For the listing below, return the line containing "Huddled close to", the line containing "Dahlia 'Bull's Pride'", and all lines in between, exactly as written and nothing else.

Data >>
Segment Open

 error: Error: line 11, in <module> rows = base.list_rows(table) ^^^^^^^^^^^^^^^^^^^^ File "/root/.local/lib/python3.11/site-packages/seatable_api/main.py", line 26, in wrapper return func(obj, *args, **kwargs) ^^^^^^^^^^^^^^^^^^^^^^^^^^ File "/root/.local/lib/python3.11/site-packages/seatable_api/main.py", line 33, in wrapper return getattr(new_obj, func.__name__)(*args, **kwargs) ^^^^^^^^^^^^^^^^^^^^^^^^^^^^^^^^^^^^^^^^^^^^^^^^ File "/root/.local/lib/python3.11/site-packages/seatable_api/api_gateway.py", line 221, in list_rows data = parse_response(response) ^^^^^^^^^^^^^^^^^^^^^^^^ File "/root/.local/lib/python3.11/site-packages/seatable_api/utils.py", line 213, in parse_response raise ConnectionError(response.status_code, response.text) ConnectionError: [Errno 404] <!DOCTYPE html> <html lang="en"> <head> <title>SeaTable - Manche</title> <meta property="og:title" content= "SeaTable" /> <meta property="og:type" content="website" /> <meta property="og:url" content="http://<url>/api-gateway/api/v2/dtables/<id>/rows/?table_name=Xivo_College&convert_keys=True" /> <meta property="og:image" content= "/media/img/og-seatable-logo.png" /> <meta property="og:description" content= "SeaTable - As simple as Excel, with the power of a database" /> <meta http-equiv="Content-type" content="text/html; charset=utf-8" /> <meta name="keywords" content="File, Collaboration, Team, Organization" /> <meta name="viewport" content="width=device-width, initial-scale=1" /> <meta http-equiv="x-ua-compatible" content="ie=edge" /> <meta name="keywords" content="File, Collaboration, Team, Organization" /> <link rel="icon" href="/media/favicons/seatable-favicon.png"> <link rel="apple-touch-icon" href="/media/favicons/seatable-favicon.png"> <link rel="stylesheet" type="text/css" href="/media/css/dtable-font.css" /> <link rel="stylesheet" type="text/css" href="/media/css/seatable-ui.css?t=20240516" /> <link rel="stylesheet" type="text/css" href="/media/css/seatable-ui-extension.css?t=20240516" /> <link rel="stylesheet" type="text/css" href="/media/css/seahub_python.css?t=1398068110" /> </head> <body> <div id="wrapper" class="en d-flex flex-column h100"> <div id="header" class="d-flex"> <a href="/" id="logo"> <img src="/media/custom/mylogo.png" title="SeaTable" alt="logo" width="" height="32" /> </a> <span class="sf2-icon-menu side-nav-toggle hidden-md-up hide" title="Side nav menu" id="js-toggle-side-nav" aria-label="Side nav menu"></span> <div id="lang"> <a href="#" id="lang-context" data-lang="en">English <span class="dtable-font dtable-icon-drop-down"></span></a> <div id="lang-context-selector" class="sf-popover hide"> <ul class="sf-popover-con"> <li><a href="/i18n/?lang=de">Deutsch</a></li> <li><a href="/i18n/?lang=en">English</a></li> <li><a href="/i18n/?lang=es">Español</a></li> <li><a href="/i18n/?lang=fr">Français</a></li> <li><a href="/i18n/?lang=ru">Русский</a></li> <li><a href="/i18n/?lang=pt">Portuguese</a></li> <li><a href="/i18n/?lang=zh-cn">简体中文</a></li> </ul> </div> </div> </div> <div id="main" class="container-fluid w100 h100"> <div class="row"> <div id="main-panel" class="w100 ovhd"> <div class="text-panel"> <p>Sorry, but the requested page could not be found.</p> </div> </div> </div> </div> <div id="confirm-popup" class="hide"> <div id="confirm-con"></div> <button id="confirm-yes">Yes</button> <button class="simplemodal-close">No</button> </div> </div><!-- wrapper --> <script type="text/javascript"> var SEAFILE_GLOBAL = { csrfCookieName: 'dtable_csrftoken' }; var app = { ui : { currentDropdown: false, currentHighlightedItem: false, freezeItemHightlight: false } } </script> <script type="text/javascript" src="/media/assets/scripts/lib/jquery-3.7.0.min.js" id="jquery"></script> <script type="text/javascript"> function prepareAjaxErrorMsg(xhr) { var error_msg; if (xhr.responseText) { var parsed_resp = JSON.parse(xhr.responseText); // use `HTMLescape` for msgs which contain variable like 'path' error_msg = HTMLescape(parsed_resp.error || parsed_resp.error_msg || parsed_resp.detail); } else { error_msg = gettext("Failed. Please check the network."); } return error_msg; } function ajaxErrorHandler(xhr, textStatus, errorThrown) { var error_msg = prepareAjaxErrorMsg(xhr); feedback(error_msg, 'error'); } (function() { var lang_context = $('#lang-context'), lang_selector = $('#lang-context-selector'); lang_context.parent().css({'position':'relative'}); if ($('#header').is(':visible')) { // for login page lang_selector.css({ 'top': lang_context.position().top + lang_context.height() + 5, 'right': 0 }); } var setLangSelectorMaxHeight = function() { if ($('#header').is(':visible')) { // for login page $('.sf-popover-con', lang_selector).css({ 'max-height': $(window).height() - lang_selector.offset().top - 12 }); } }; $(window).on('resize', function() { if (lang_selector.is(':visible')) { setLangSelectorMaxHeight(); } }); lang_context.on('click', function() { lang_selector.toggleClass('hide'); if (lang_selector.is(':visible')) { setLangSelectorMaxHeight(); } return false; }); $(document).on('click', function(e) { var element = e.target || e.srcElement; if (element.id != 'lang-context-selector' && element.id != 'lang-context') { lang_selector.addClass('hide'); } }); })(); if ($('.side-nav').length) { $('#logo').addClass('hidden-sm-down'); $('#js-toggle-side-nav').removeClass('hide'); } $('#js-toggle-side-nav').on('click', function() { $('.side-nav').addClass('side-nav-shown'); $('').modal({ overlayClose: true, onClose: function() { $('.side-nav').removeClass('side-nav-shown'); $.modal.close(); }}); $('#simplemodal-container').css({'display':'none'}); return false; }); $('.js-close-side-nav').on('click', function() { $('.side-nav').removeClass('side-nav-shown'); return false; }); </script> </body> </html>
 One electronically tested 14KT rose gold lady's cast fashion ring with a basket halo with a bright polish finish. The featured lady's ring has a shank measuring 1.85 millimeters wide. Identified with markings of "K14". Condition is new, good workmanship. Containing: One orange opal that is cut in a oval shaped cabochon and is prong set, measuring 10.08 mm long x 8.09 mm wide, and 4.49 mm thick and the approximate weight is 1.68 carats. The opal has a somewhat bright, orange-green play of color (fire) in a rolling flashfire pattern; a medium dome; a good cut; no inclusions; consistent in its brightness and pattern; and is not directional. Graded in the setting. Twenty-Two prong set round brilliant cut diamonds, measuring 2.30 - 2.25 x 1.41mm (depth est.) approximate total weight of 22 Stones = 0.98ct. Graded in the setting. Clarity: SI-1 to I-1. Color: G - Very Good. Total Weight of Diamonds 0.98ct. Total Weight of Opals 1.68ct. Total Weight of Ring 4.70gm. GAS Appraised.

Segment Closed
Segment Open

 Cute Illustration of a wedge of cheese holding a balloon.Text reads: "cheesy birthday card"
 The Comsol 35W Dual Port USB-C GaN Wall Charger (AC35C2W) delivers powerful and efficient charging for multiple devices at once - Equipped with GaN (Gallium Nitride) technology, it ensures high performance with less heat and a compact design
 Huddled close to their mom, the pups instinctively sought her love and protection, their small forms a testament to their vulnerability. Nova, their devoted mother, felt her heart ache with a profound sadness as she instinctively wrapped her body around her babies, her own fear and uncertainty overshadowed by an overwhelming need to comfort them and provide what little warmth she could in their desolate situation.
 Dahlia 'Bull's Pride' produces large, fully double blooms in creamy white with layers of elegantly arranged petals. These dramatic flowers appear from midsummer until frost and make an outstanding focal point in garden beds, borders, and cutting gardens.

Segment Closed

Exercise solution >>
 Huddled close to their mom, the pups instinctively sought her love and protection, their small forms a testament to their vulnerability. Nova, their devoted mother, felt her heart ache with a profound sadness as she instinctively wrapped her body around her babies, her own fear and uncertainty overshadowed by an overwhelming need to comfort them and provide what little warmth she could in their desolate situation.
 Dahlia 'Bull's Pride' produces large, fully double blooms in creamy white with layers of elegantly arranged petals. These dramatic flowers appear from midsummer until frost and make an outstanding focal point in garden beds, borders, and cutting gardens.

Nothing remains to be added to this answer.